Some early studies have identified crystal structures of potential small-molecule binders of SARS-CoV-2 Mpro, which are predominately peptide-based scaffolds. (15−20) Jin et al. determined the first crystal structure of Mpro in complex with the peptide inhibitor N3. (15) Additional crystal structures of two rationally designed covalent peptide inhibitors, 11a and 11b, were reported shortly thereafter by Dai et al. (16) Two additional reports demonstrated that the feline coronavirus drug GC376 also inhibits Mpro and prevents viral replication in infected Vero cells. (17,20) Like 11a and 11b, GC376 is a peptide inhibitor that covalently modifies active site Cys 145. Several nonpeptide small molecules have also been shown to inhibit Mpro proteolysis in vitro, including the organoselenium compound ebselen; however, to date there is only limited knowledge of their mechanism of action and the cell-based evaluation of small molecules. (15,19) At this time, most studies targeting Mpro are focused on screening existing compounds, and there has been little interest in further developing early hits using medicinal chemistry and rational drug design approaches.

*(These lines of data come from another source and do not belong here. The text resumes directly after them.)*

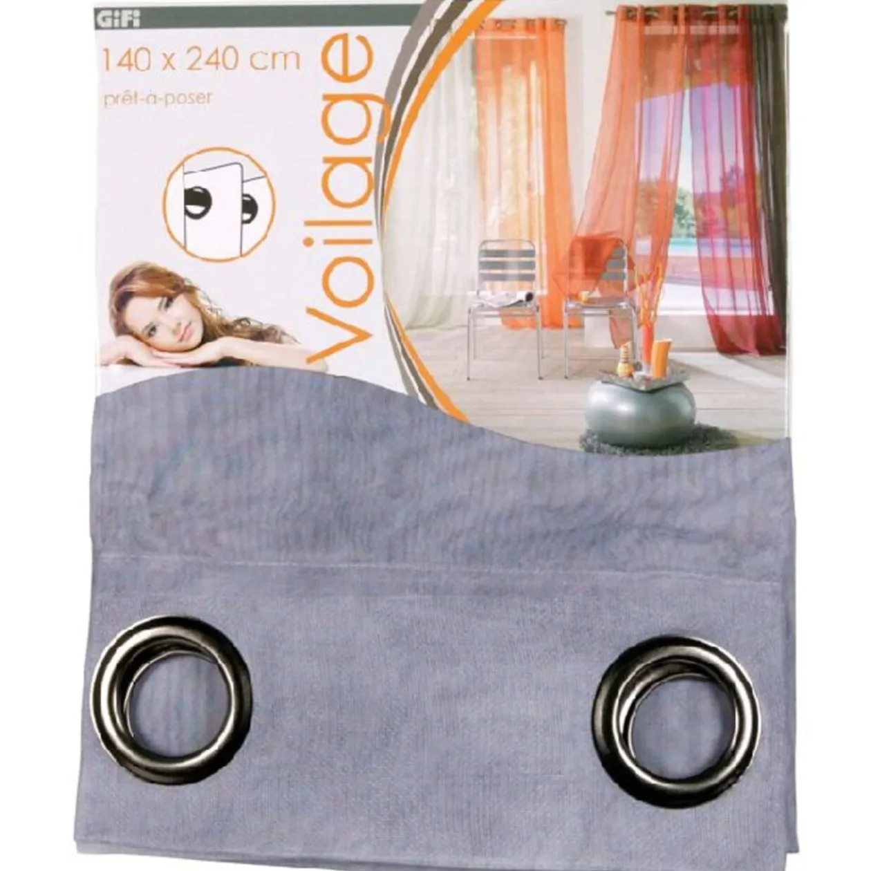 Rideau voile à oeillets, 100% polyester, dim.140 x 240 cm.
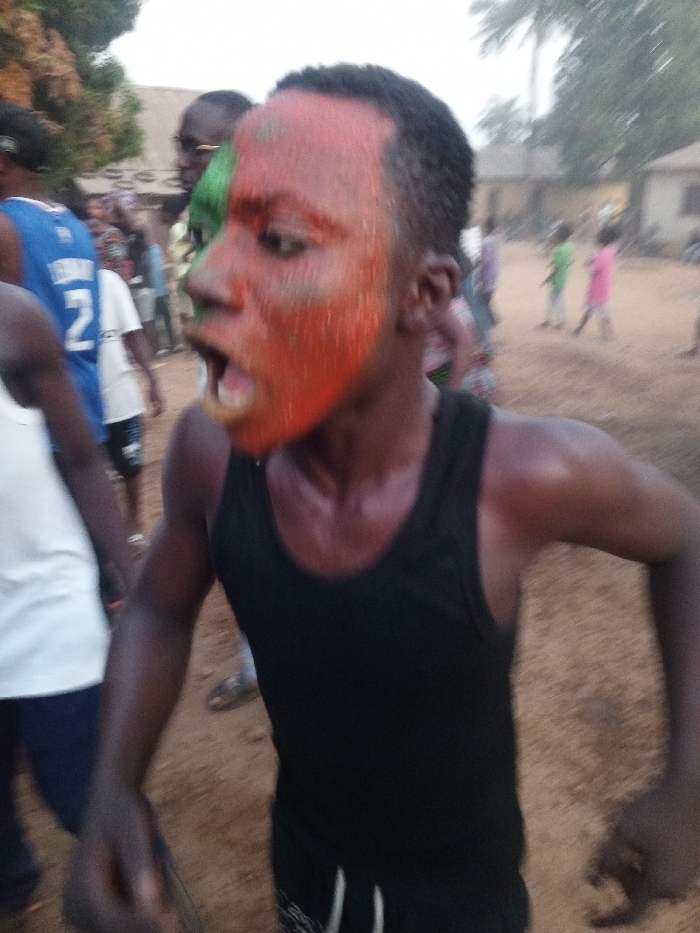 A young, dark-skinned person with red face paint yells, mouth agape, wearing a black tank top. Several other people are blurred in the background, dressed in casual clothing. The setting appears to be outdoors, on a dirt or sand-covered ground near a building and trees. The photo has a slightly blurred effect, suggesting movement.
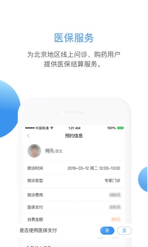 北京地区在线预约挂号及购药的用户,费用支持医保结算,省钱又省心。
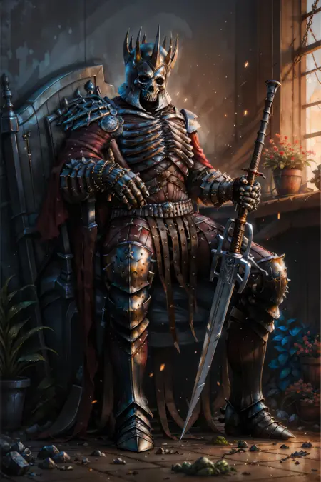 여기저기 약간의 결함이 존재하며, 저는 일반적으로 이를 그대로 두는 편입니다. (예시에서는 어떤 inpainting도 사용하지 않습니다.) 대부분의 경우 손은 더 나은 프롬프트와 네거티브 임베딩으로 수정할 수 있지만, 무기의 경우 오늘날 대부분의 모델에서도 여전히 품질이 좋지 않은 편입니다.
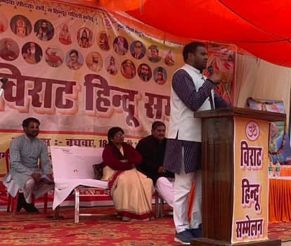 कादरचौक में विराट हिंदू सम्मेलन में बोलते मुख्य अतिथि। संवाद
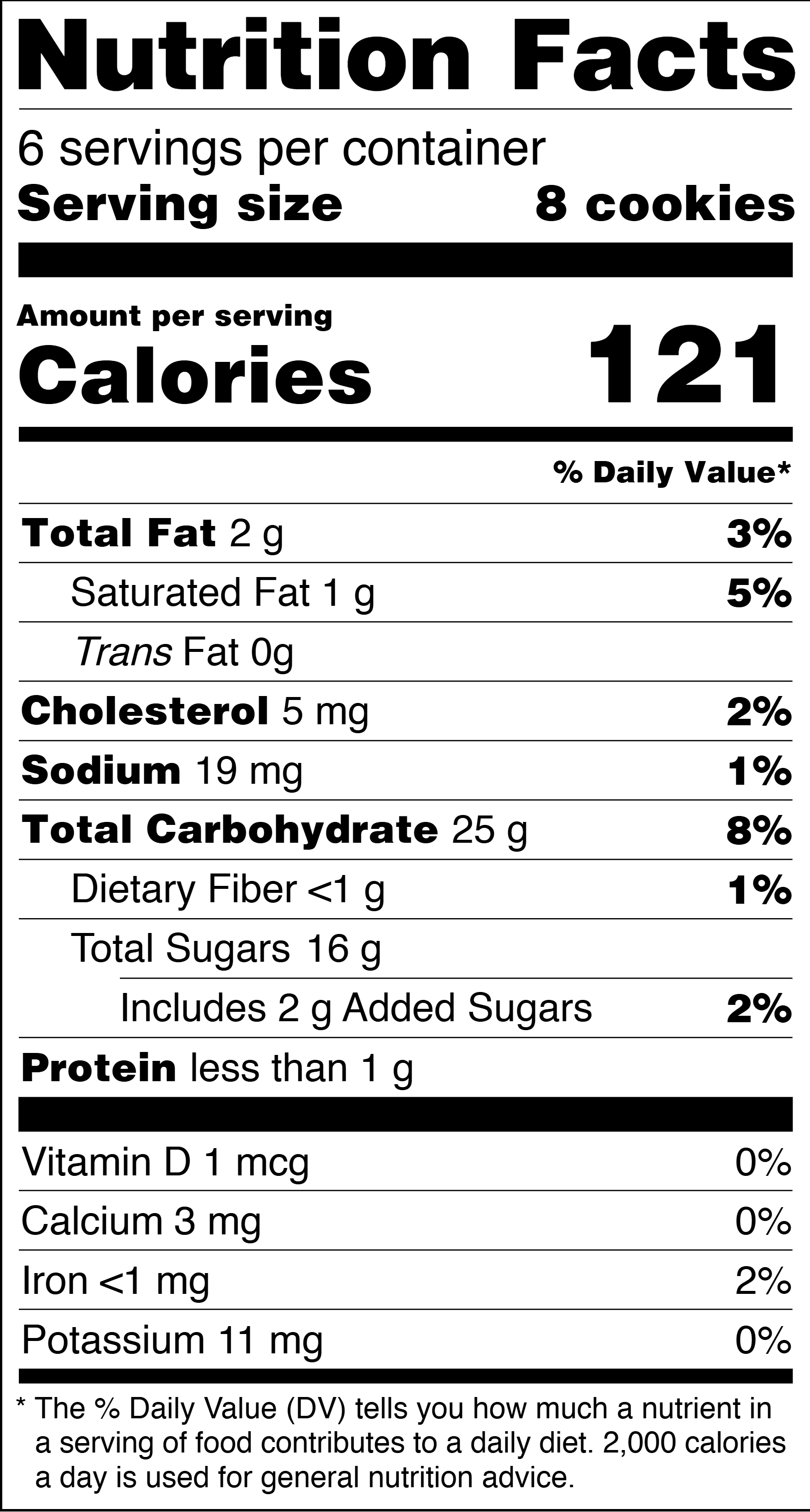 Please note: These cookies are processed in a facility handling wheat, egg, peanuts, tree nuts, and coconut.
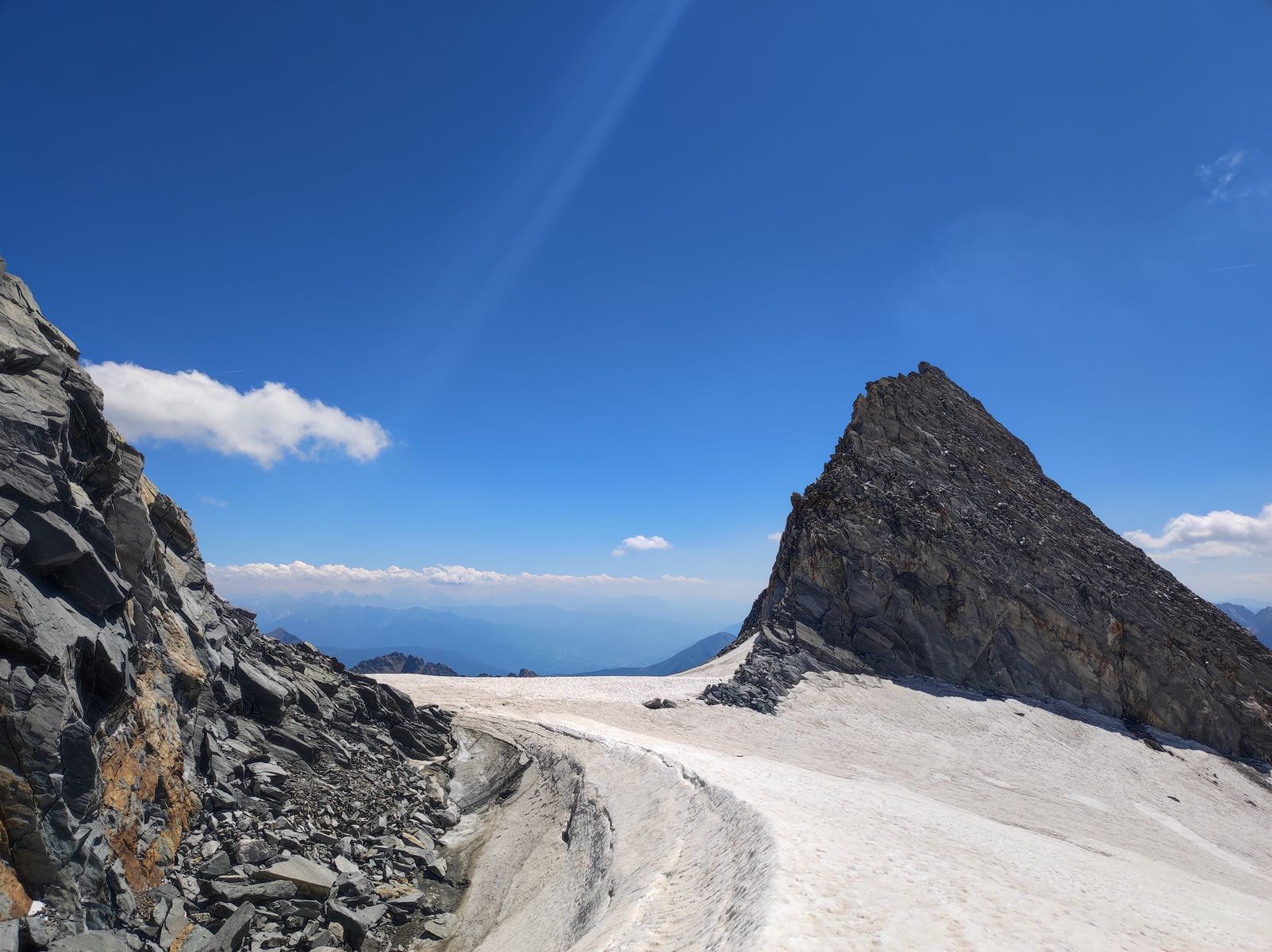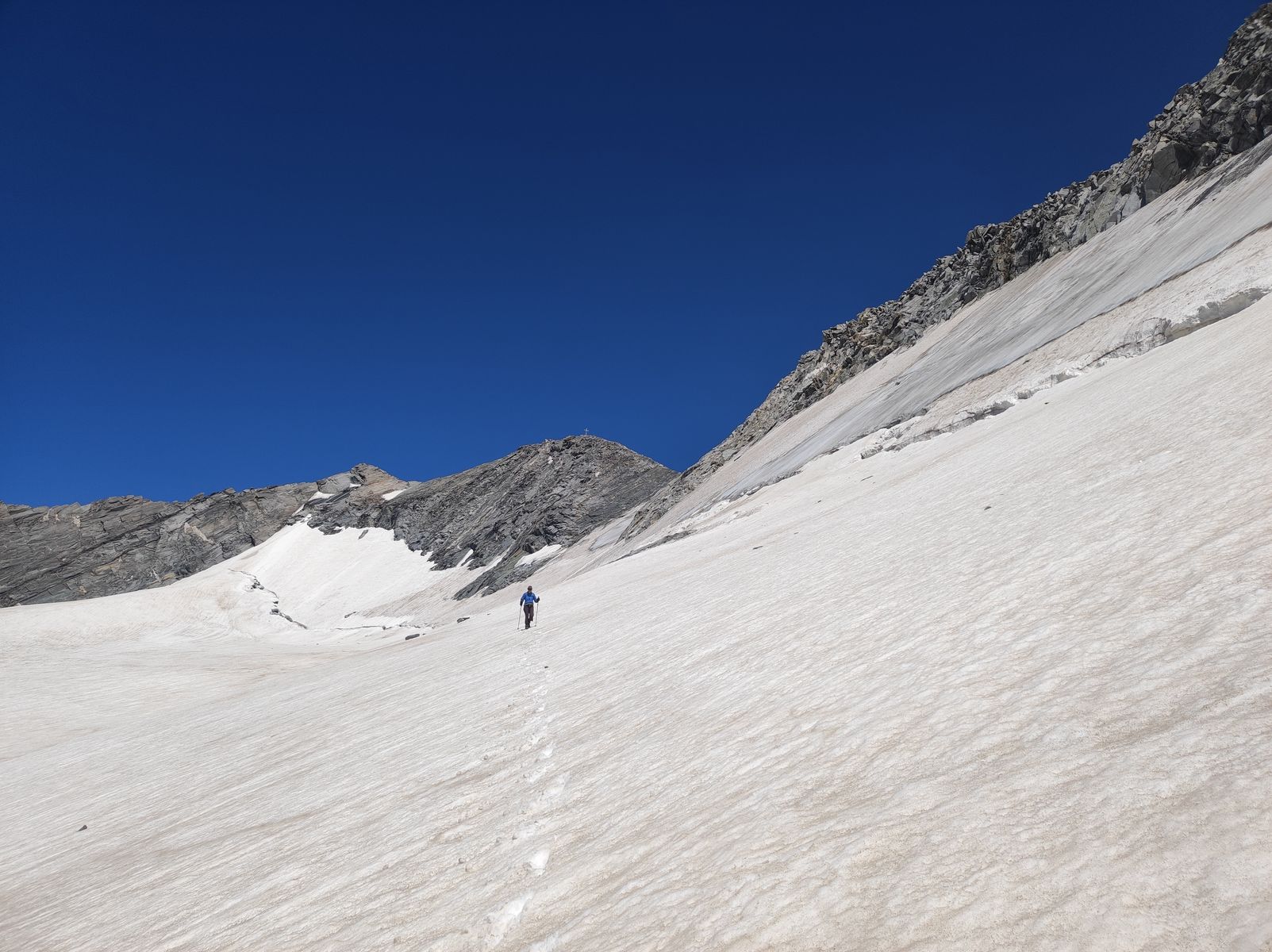 Am Gletscher sind Steigeisen sehr hilfreich, wenn nicht gar obligatorisch, denn die obersten 30 Höhenmeter der recht steilen Gipfelflanke (~35 Grad) sind bereits blank. Danach guter Trittfirn; Randkluft unproblematisch. Der Gletscher ist ziemlich harmlos, aber nicht ganz spaltenfrei - kurz vor der Weißzintscharte gibt es eine zwar schmale, aber tiefe Spalte. Mit ein bisserl Aufmerksamkeit kommt man gut durch. Ein Seil braucht es meines Erachtens nicht.

In this study, we sought to determine if such approaches could be applied to address the following questions: (1) can rational drug design and medicinal chemistry be used to improve the potencies of identified Mpro inhibitors? (2) Can an enzymatic mechanism of inhibition be established for rationally designed Mpro inhibitors? (3) Can rationally designed compounds inhibit viral replication in vitro? Finally, (4) how do rationally designed Mpro inhibitors compare to existing treatments such as remdesivir?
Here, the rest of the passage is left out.